- [DATA FOR THE TASK]
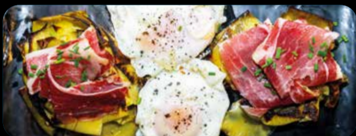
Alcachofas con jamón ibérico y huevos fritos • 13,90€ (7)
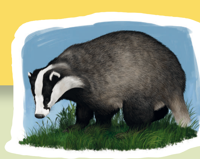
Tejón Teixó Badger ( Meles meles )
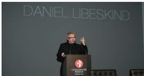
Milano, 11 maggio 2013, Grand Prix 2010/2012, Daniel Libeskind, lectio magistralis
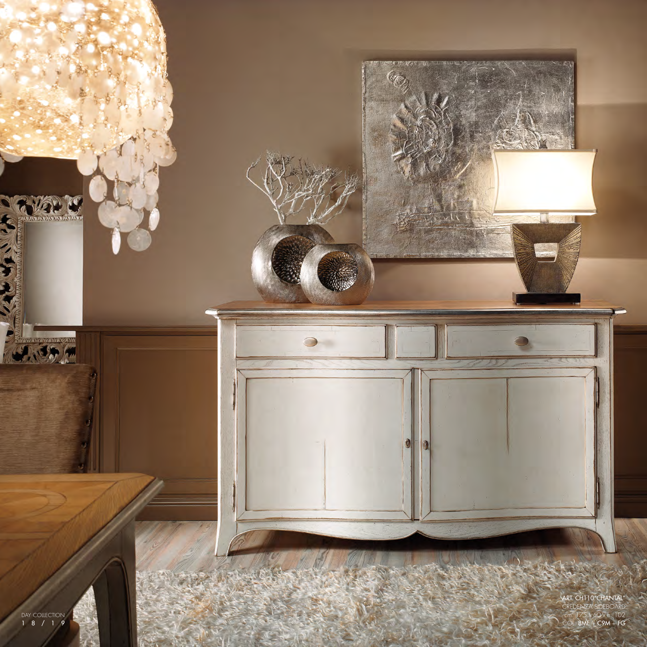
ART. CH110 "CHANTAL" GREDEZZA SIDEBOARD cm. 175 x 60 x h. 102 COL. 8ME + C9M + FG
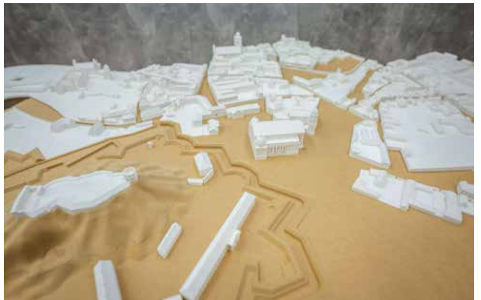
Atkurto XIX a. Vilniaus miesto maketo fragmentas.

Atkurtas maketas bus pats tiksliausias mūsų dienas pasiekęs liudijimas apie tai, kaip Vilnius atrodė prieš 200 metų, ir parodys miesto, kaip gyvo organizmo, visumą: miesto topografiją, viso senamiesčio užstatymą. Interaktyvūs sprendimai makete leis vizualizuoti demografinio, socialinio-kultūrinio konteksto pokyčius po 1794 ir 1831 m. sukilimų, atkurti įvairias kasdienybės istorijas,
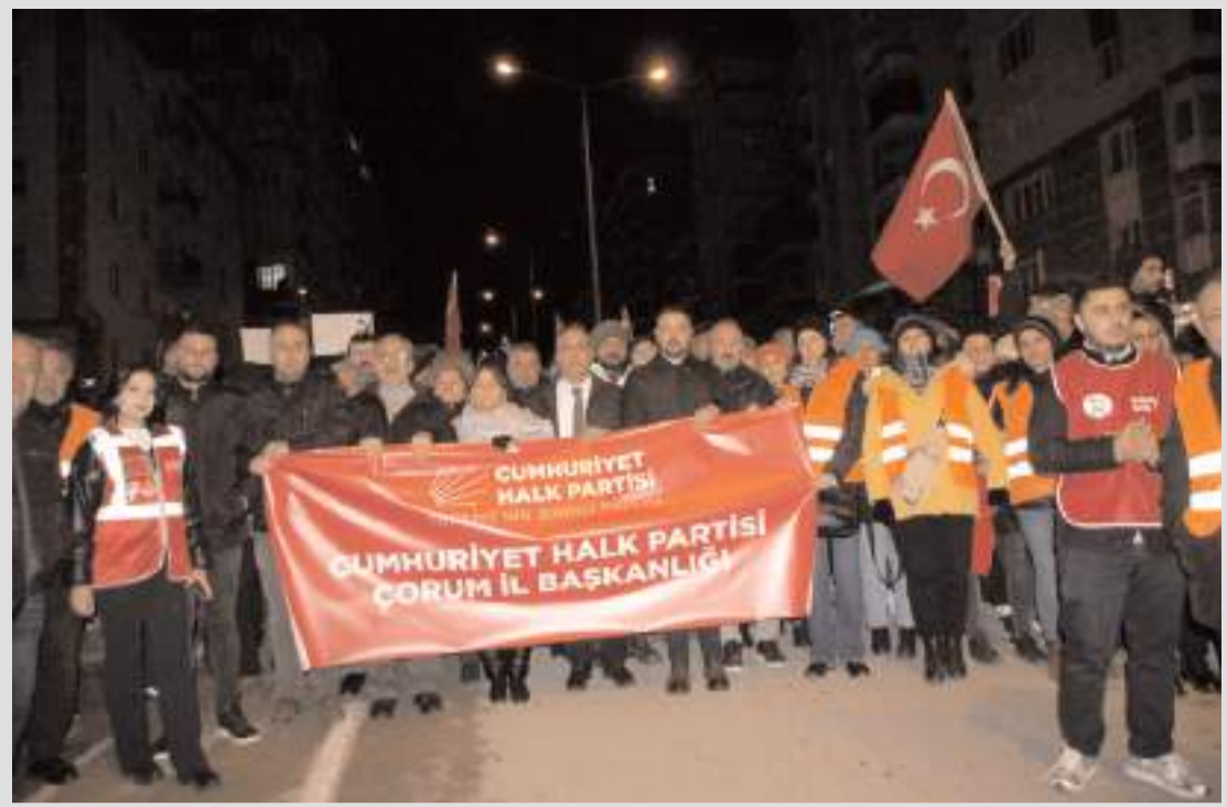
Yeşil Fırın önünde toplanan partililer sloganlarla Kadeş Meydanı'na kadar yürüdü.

- [INSTRUCTIONS FOR THE TASK] Word for word, restate the lines from the line containing "Atkurto XIX a." through the end of the data, including the first and last of them. Pictures stay out.

- [RESULT FOR THIS EXERCISE]
Atkurto XIX a. Vilniaus miesto maketo fragmentas.

Atkurtas maketas bus pats tiksliausias mūsų dienas pasiekęs liudijimas apie tai, kaip Vilnius atrodė prieš 200 metų, ir parodys miesto, kaip gyvo organizmo, visumą: miesto topografiją, viso senamiesčio užstatymą. Interaktyvūs sprendimai makete leis vizualizuoti demografinio, socialinio-kultūrinio konteksto pokyčius po 1794 ir 1831 m. sukilimų, atkurti įvairias kasdienybės istorijas,
Yeşil Fırın önünde toplanan partililer sloganlarla Kadeş Meydanı'na kadar yürüdü.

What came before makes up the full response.